Exercise goal — Return the full set of entries precisely. Do not carry over any pictures.

(Data items)
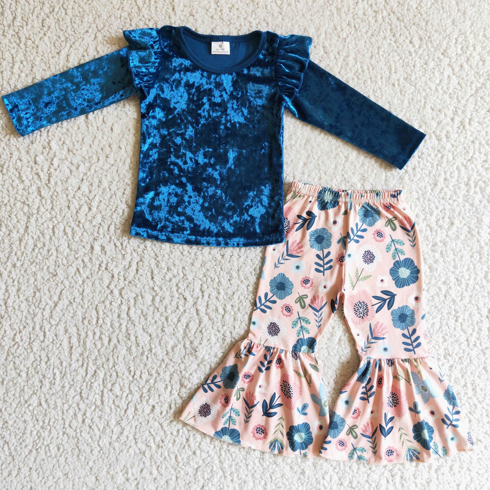 11.3 RTS NO MOQ(In Stock ) GLP0220 girls outfit gold velvet long sleeve and long pants flower print
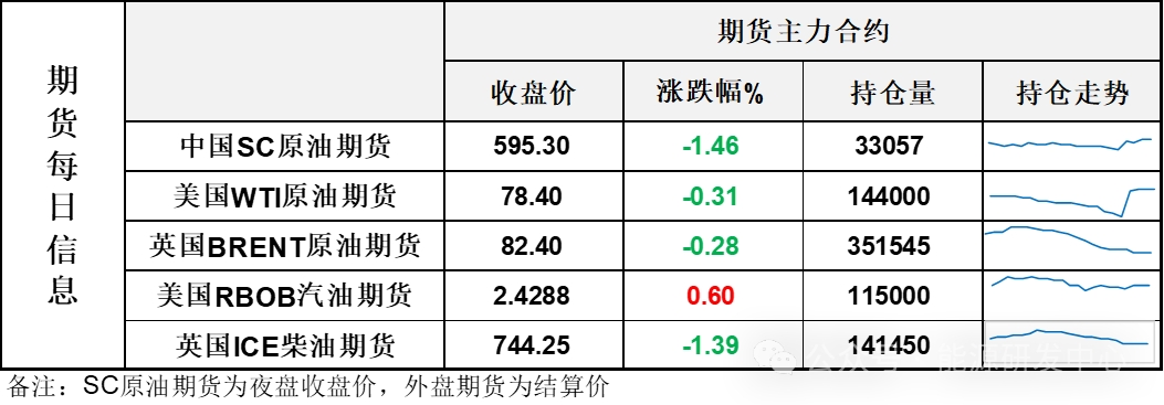 【1】WTI主力原油期貨收跌0.24美元,跌幅0.31%,報78.4美元/桶;布倫特主力原油期貨收跌0.23美元,跌幅0.28%,報82.4美元/桶;INE原油期貨收跌1.46%,報595.3元。
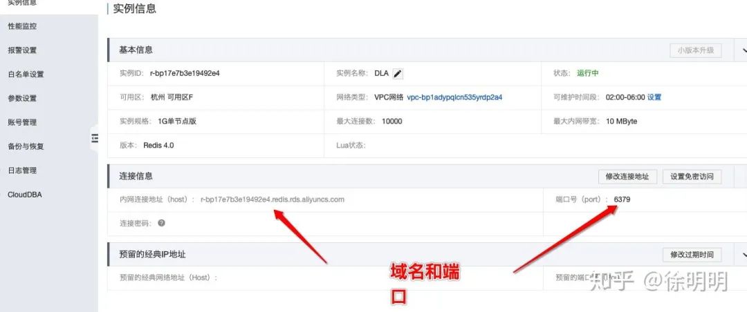 是一个前缀,具体的用途后面再细说,redis服务的域名和端口你可以从阿里云控制直接查询到:
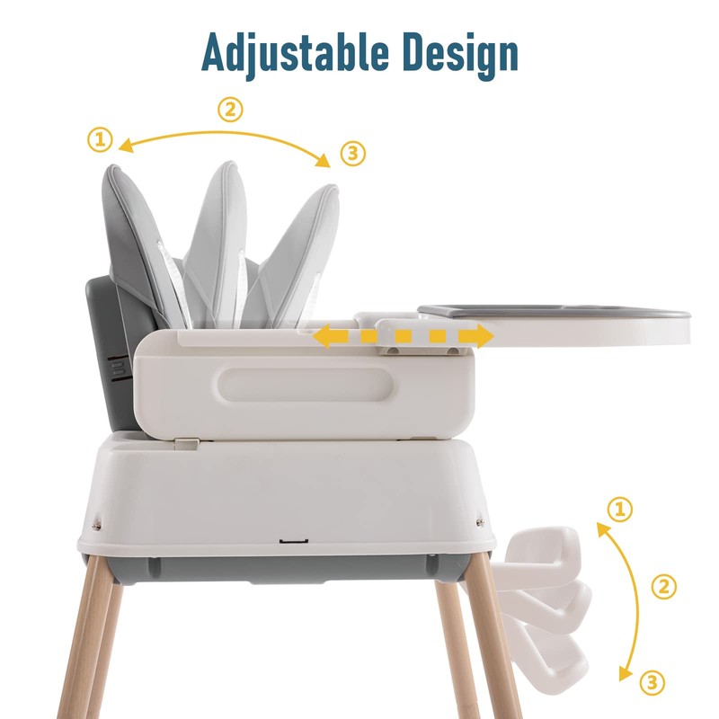 - Multifunctional:used as a baby highchair,helps your baby take the first step toward independent eating;adjust the Height Position,used it as a high chair or play chair;used it as a booster,simply removed the seat and converted into a booster
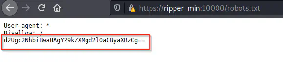 While enumerating, it’s always important to look at the robots.txt file. On the webmin’s robots.txt file, I got something on base64 format.
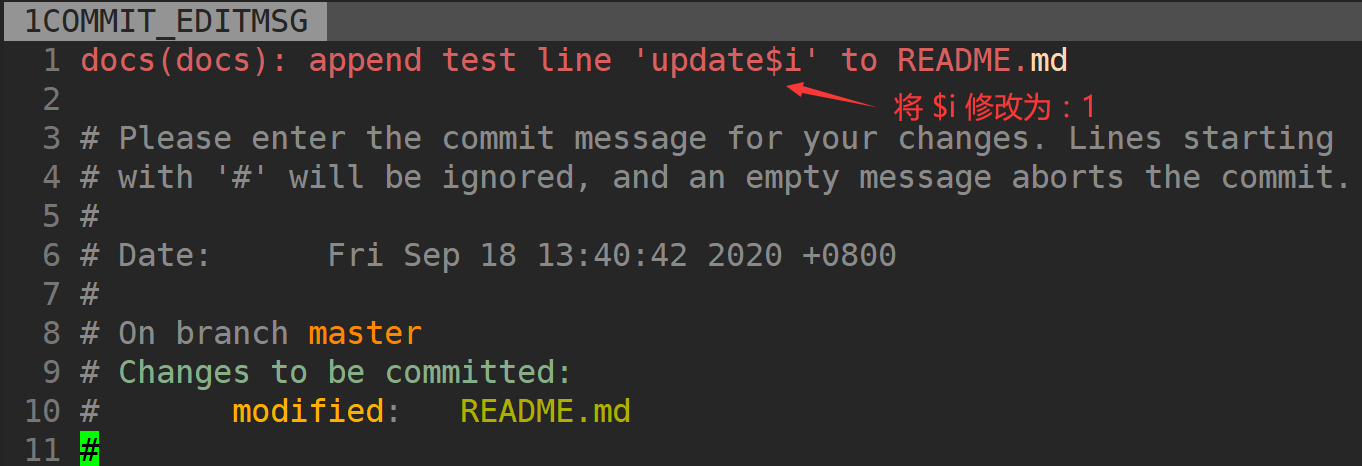 可以看到,最近一次的 Commit Message 是 docs(docs): append test line 'update$i' to README.md,其中 update$i 正常应该是 update1。
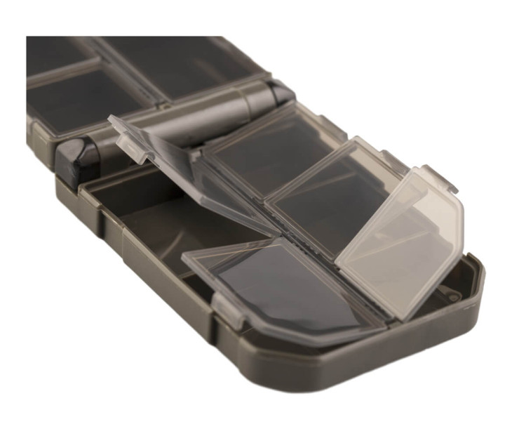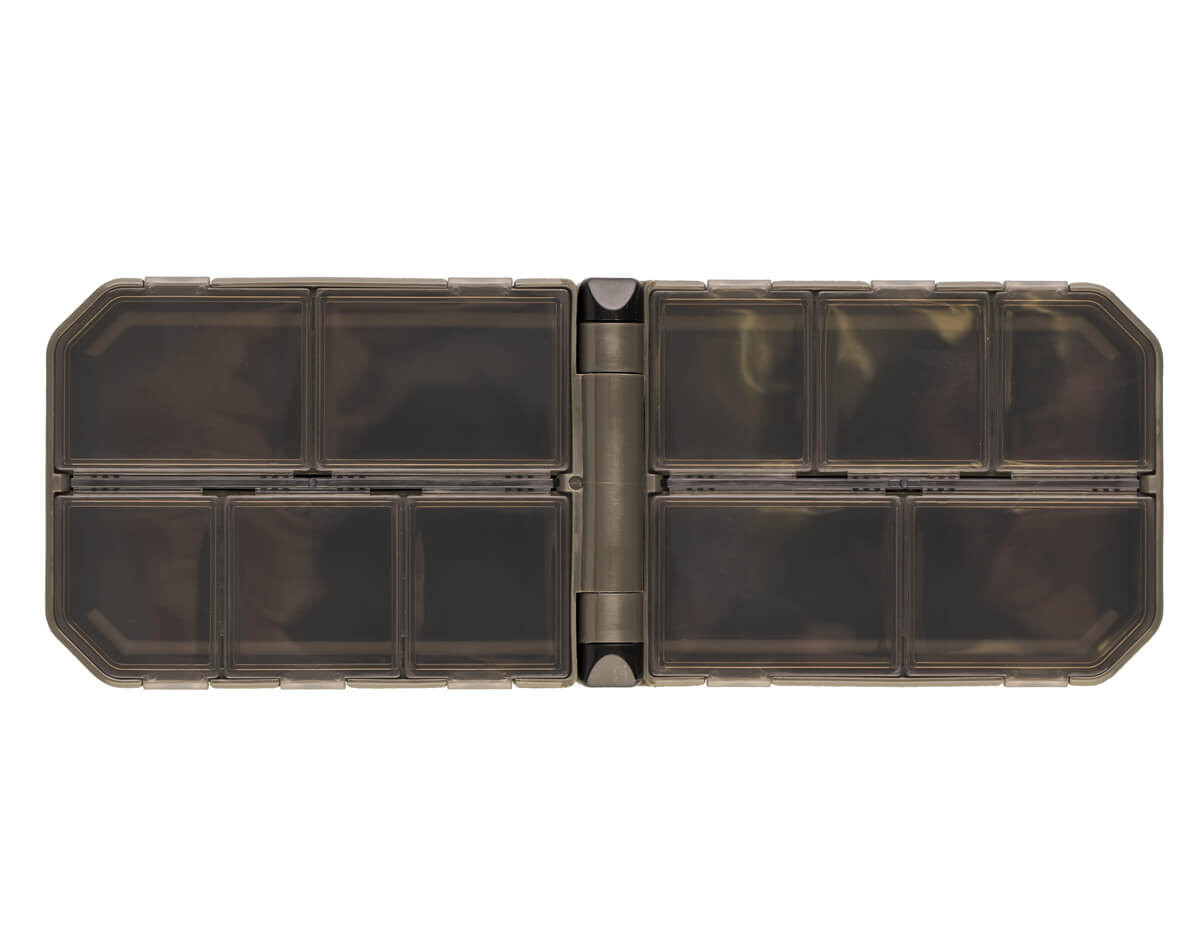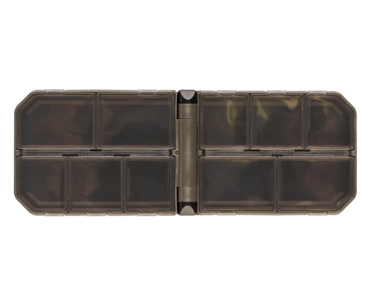 ZFISH Mini Double Box M je praktická oboustranná krabička/organizér od české značky ZFISH. Tento kompaktní box disponuje 10-ti samostatně uzavíratelnými přihrádkami s čirými krytem, takže snadno a ihned vidíte kam a pro co sáhnout. Bezpečné uzavírání, nebo nechtěné otevření zajišťují velice pevné panty. Jednoduchý a čistý design se zkosenými a oblými hranami nejen skvěle vypadá, ale díky oblým tvarům je i samotná manipulace mnohem příjemnější. Výborný dojem už jen podtrhují odolné materiály a komponenty ve velmi elegantním, temně olivově zeleném provedení. Tento kompaktní box je například vhodný na nejdrobnější bižuterii a příslušenství, které potřebujete mít vždy po ruce, ideálně někde v kapse.

Response below —
 11.3 RTS NO MOQ(In Stock ) GLP0220 girls outfit gold velvet long sleeve and long pants flower print
 【1】WTI主力原油期貨收跌0.24美元,跌幅0.31%,報78.4美元/桶;布倫特主力原油期貨收跌0.23美元,跌幅0.28%,報82.4美元/桶;INE原油期貨收跌1.46%,報595.3元。
 是一个前缀,具体的用途后面再细说,redis服务的域名和端口你可以从阿里云控制直接查询到:
 - Multifunctional:used as a baby highchair,helps your baby take the first step toward independent eating;adjust the Height Position,used it as a high chair or play chair;used it as a booster,simply removed the seat and converted into a booster
 While enumerating, it’s always important to look at the robots.txt file. On the webmin’s robots.txt file, I got something on base64 format.
 可以看到,最近一次的 Commit Message 是 docs(docs): append test line 'update$i' to README.md,其中 update$i 正常应该是 update1。
 ZFISH Mini Double Box M je praktická oboustranná krabička/organizér od české značky ZFISH. Tento kompaktní box disponuje 10-ti samostatně uzavíratelnými přihrádkami s čirými krytem, takže snadno a ihned vidíte kam a pro co sáhnout. Bezpečné uzavírání, nebo nechtěné otevření zajišťují velice pevné panty. Jednoduchý a čistý design se zkosenými a oblými hranami nejen skvěle vypadá, ale díky oblým tvarům je i samotná manipulace mnohem příjemnější. Výborný dojem už jen podtrhují odolné materiály a komponenty ve velmi elegantním, temně olivově zeleném provedení. Tento kompaktní box je například vhodný na nejdrobnější bižuterii a příslušenství, které potřebujete mít vždy po ruce, ideálně někde v kapse.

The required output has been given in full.